Spotlight: Aerangis biloba

I am excited to bring you a spotlight post on one of my favourite orchids – the Aerangis biloba. In this post, I cover its growth and bloom cycle along with the care I provide, to ensure it’s successful blooming.

The Aerangis biloba ticks all the right boxes for an orchid hobbyist. It is compact, has a lovely foliage, bears beautiful white blooms, is hardy and needs very little care. At least, this has been my experience. I bought the orchid in July 2021 as a midsize plant. I mounted it on cork bark and it loved its new home. It produced new roots that hugged the cork and 11 months later, voila, it gave me blooms. I was super-thrilled at my success.

Aerangis biloba in bloom

Of course, it has a lot to do with the tropical climate of Mumbai, which is warm and humid throughout the year, and is therefore ideally suited for these warm-growing type of orchids. However, I have seen people growing these under controlled conditions in their indoor setups even in diverse climatic conditions, and they grow pretty well and bloom.

The Aerangis biloba, is hard to come by as it is relatively expensive. So if you come across it, it’s worth making it a part of your collection. Just provide the right conditions for it to grow and bloom, and it will make you very happy.

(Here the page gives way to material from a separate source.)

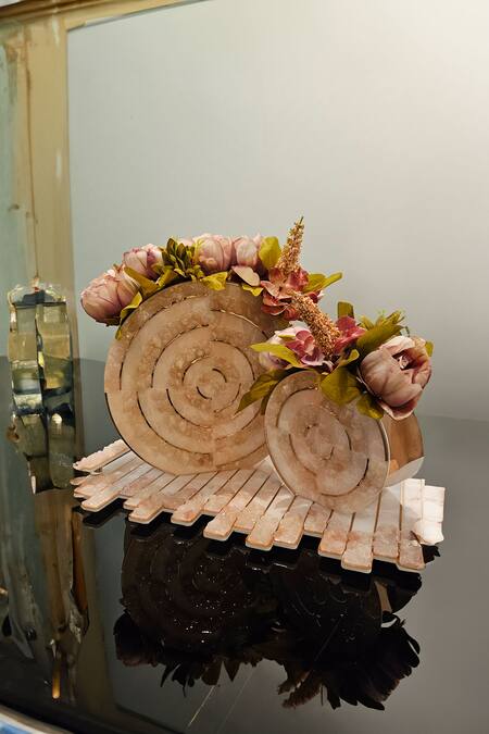 Buy_The Bling Edit_Pink Acrylic, Polymers Stone High Low Studded Vase_at_Aza_Fashions

A little about its native habitat – The Aerangis biloba originates from the western and central parts of Africa. It thrives in warm and humid conditions. It grows well in dappled light and does not like being exposed to bright sunlight. The orchid thrives in 80% humidity, but is hardy enough to withstand occasional drying up, say like when you are on a holiday for a week (at least, this has been my experience). It becomes a little dehydrated, but bounces right back when it gets hydrated. Being epiphytic, it prefers being mounted on bark, but can grow equally well when potted.

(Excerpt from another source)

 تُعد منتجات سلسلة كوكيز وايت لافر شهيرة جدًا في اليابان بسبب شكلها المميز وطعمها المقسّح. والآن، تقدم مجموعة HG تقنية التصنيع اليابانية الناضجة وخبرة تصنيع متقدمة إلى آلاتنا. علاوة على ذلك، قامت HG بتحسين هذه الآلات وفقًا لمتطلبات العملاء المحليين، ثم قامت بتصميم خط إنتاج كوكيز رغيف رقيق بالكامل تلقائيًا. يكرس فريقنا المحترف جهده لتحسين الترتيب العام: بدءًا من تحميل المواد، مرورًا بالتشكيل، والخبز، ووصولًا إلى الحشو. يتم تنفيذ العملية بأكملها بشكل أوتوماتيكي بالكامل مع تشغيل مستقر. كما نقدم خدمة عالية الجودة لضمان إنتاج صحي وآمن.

A must-have in your collection

The Aerangis biloba is a compact and slow growing orchid. So it fits right in if you have a small grow space like mine. It is monopodial, meaning it grows like the Phalaenopsis or Vanda orchids on a single stem or axis. The leaves are elongated, dark green in colour and have an interesting mix of reticulate and parallel veining, which makes them very attractive. They also have dark spots, which are naturally produced in response to the amount of light it receives. So don’t get worried if the leaves develop them. The leaves are elongated and end in an attractive two lobed tip, a characteristic from which this species gets its name–biloba.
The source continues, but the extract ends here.